→ DESCRIPTION OF THE TASK
Among the entries that follow, locate the line with "Fra mandag den" and the line with "Weigh 0.50g of". Output those lines and all lines in between, exactly, minus the pictures.
:::::
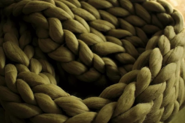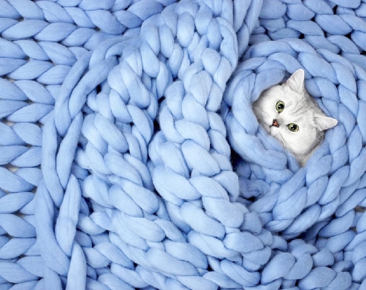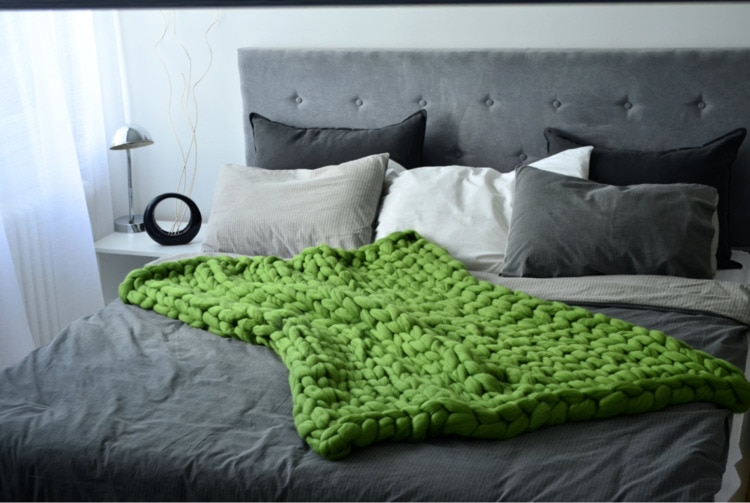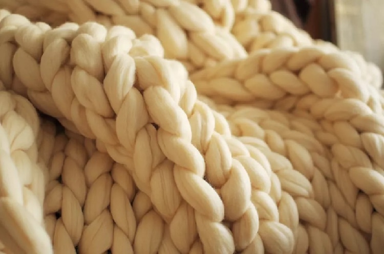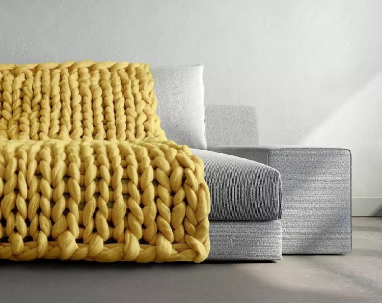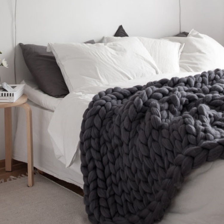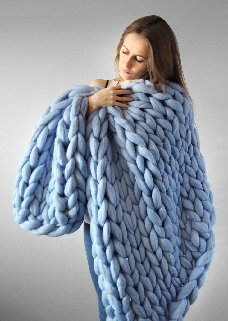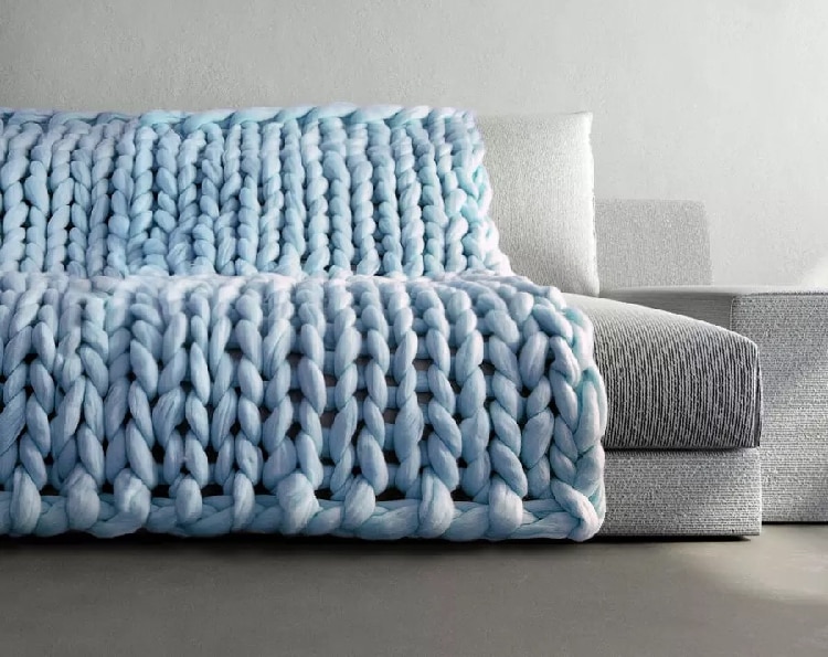 3. The thick knitted blanket with cable stitches is a beautiful home accessory in the living room or bedroom, draped on the sofa or the end of the bed.
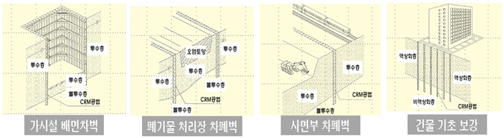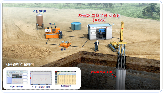 CRM공법은 오거 장비를 사용, 소일크리트 고화재와 원위치토 및 배출 이수를 혼합하여 지중에 기둥을 조성하고 AGS를 적용하여 투입된 고화재량을 실시간으로 정산할 수 있고 개량체에 대한 충전도 관리를 통해 '설계치±오차범위' 로 관리할 수 있으므로 균질하게 기둥을 조성할 수 있는 신뢰성이 높은 지반개량 공법임.
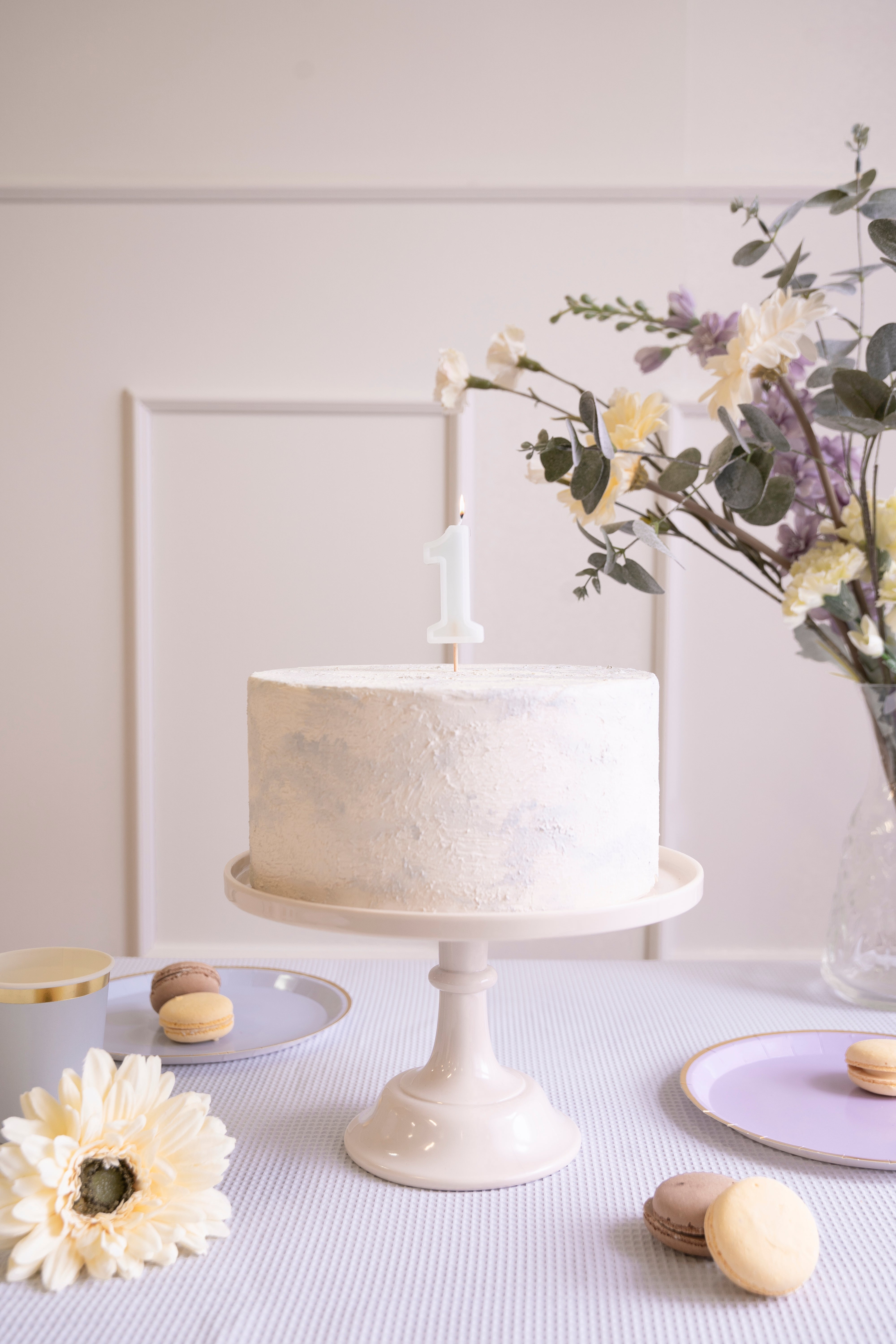 Bougie d'anniversaire numéro 1 de couleur menthe claire.
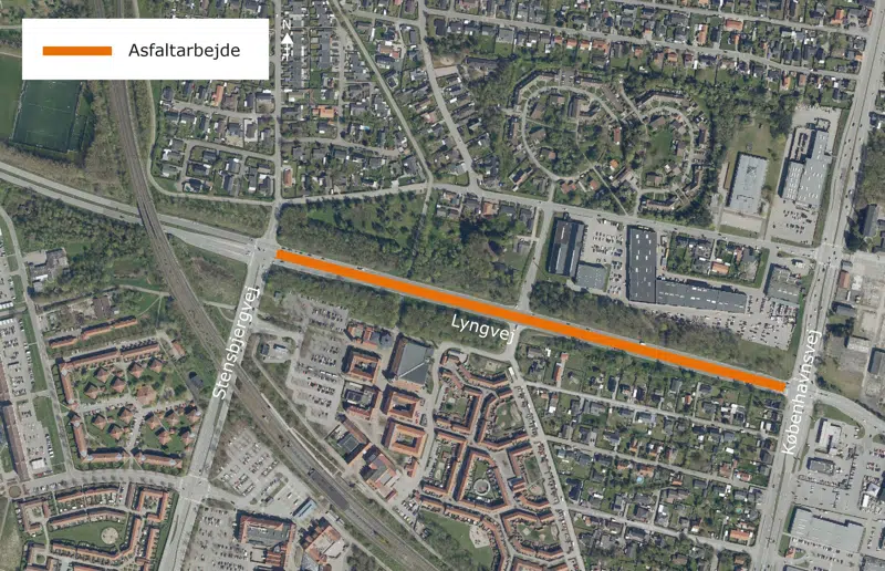 Fra mandag den 28. juli udføres asfaltarbejde på Lyngvej mellem Københavnsvej og Stensbjergvej. Der vil altid være en fri bane i hver retning - men forvent kø.
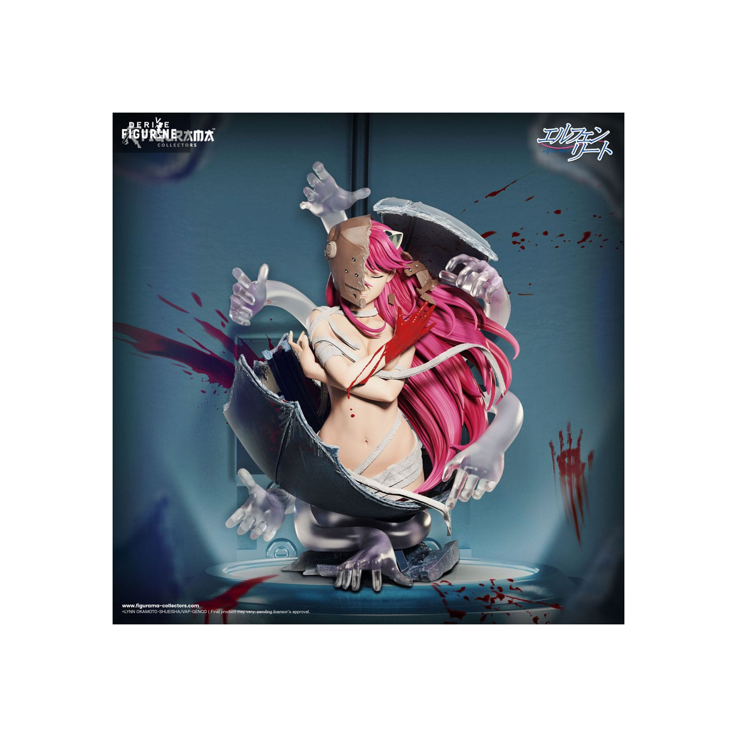 At the crossroads of psychological drama and visceral horror, Lucy embodies the most haunting duality of the Elfen Lied universe. This official bust captures her in a symbolically charged moment — one where pain, memory, and silent violence intertwine. The dark setting and sculptural energy reflect her complex nature.
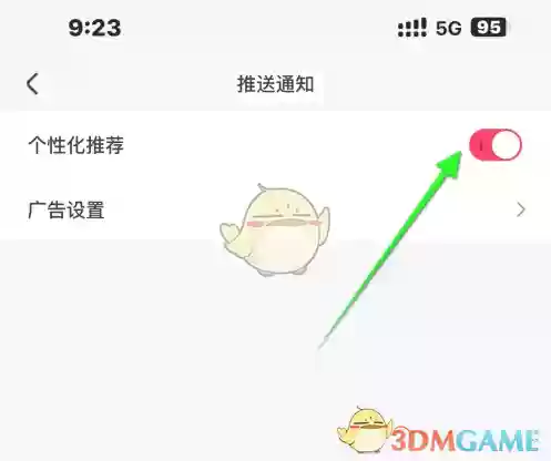 3、进入推送通知页面后,找到“个性化推荐”选项,关闭其开关即可完成设置,操作步骤如图所示。
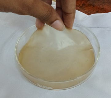 Weigh 0.50g of HPMC and 0.25g of Carbopol 934 in a beaker and combine with 10ml solvent containing distilled water and ethanol in the ratio of (1:1). Then continuously stir it over a hot water bath until the mixture dissolves. Once the temperature attained (250C) add Centella asiatica and eggshell membrane in the ratio 70:30 then glycerol and propylene glycol (0.5ml) were added. Then this was transferred into a glass petri dish and kept for 24hrs without any disturbance. After 24 hrs the prepared transdermal patch was carefully removed from the petri dish and stored. [13,14].
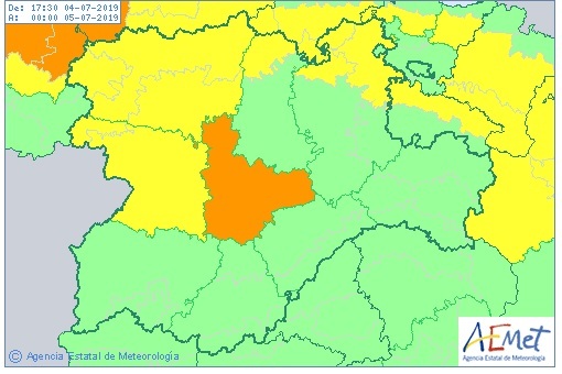 La Agencia Estatal de Meteorología ha actualizado sus alertas y a las amarillas en León, Zamora y al norte de Palencia y Burgos hay que añadir la alerta naranja por tormentas, que implica un riesgo importante, en Valladolid.
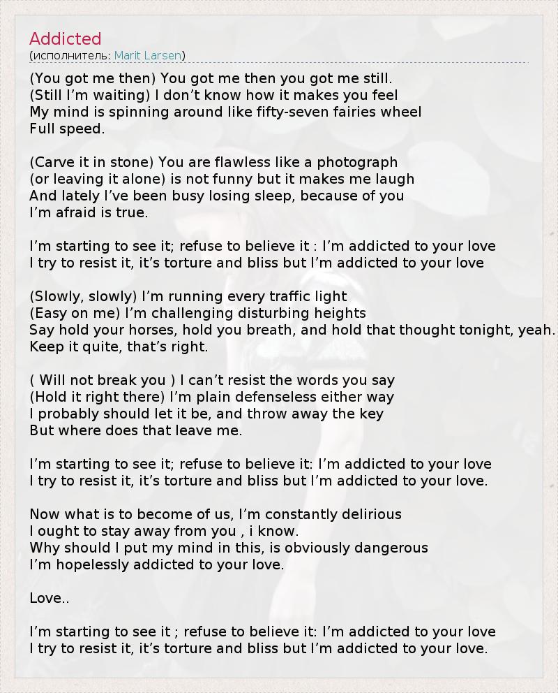 I try to resist it, it’s torture and bliss but I’m addicted to your love.
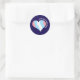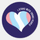 Show your support for the trans community with this round sticker featuring a heart in the trans flag colours and the text "I Stand with Trans People" around the edge of the heart. Use it to seal envelopes or stick on postcards to your government representatives!
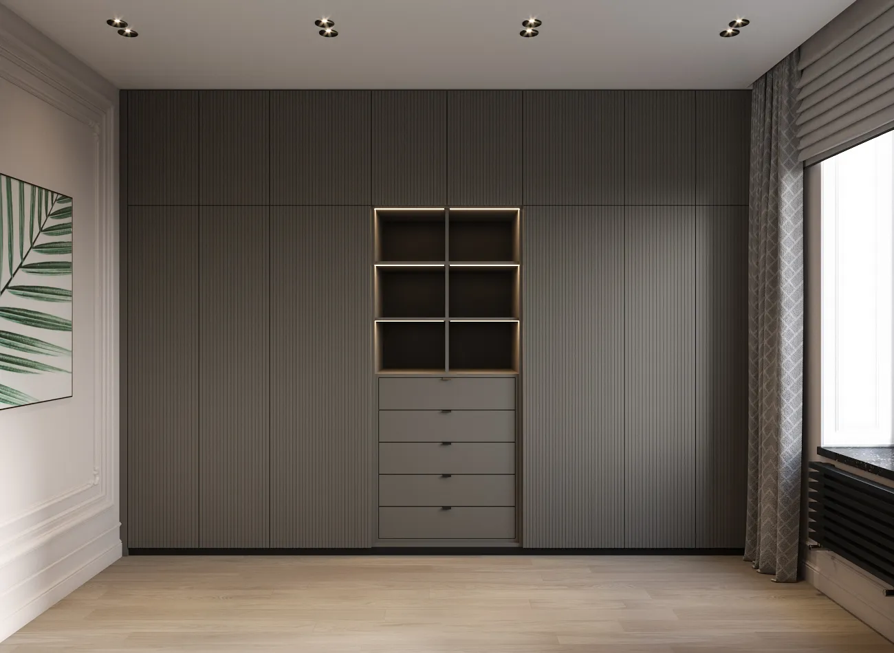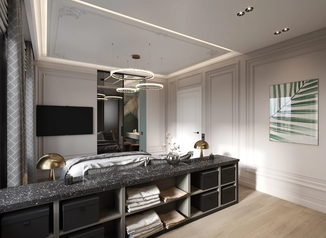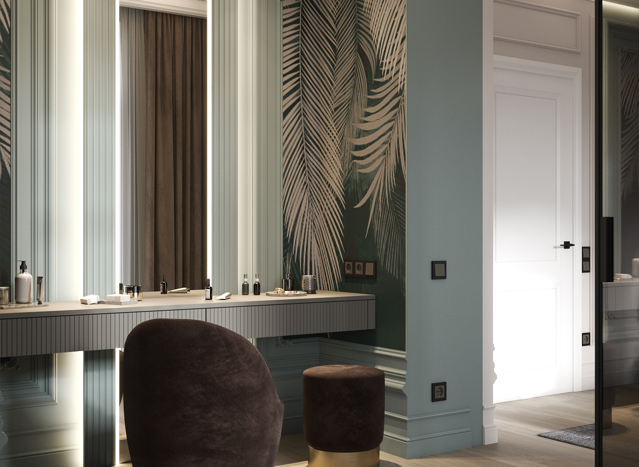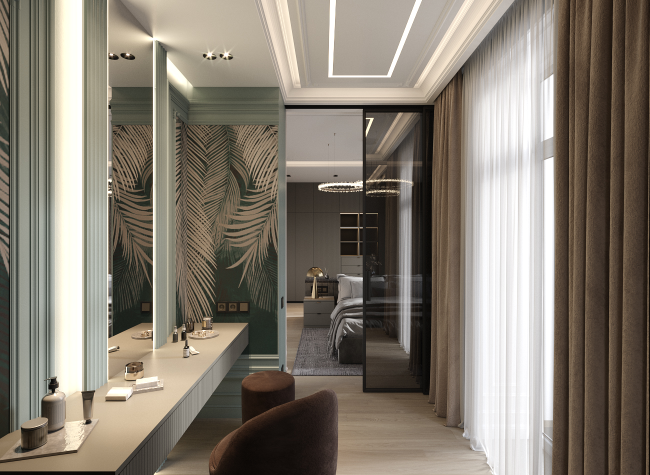 Система хранения элегантно интегрирована в виде высокого шкафа с филенчатыми фасадами. Особую изюминку добавляет приватная будуарная зона оливкового цвета с фресками с тропическими пальмами и туалетным столиком, за которой скрыт вход в ванную.
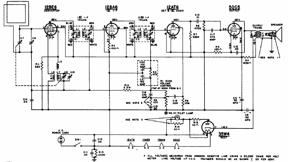 Este receptor de configuração comum usava antena de quadro e 5 válvulas com os filamentos ligados em série. O circuito se destinava a faixa de ondas médias.
:::::
→ TASK ANSWER
 Fra mandag den 28. juli udføres asfaltarbejde på Lyngvej mellem Københavnsvej og Stensbjergvej. Der vil altid være en fri bane i hver retning - men forvent kø.
 At the crossroads of psychological drama and visceral horror, Lucy embodies the most haunting duality of the Elfen Lied universe. This official bust captures her in a symbolically charged moment — one where pain, memory, and silent violence intertwine. The dark setting and sculptural energy reflect her complex nature.
 3、进入推送通知页面后,找到“个性化推荐”选项,关闭其开关即可完成设置,操作步骤如图所示。
 Weigh 0.50g of HPMC and 0.25g of Carbopol 934 in a beaker and combine with 10ml solvent containing distilled water and ethanol in the ratio of (1:1). Then continuously stir it over a hot water bath until the mixture dissolves. Once the temperature attained (250C) add Centella asiatica and eggshell membrane in the ratio 70:30 then glycerol and propylene glycol (0.5ml) were added. Then this was transferred into a glass petri dish and kept for 24hrs without any disturbance. After 24 hrs the prepared transdermal patch was carefully removed from the petri dish and stored. [13,14].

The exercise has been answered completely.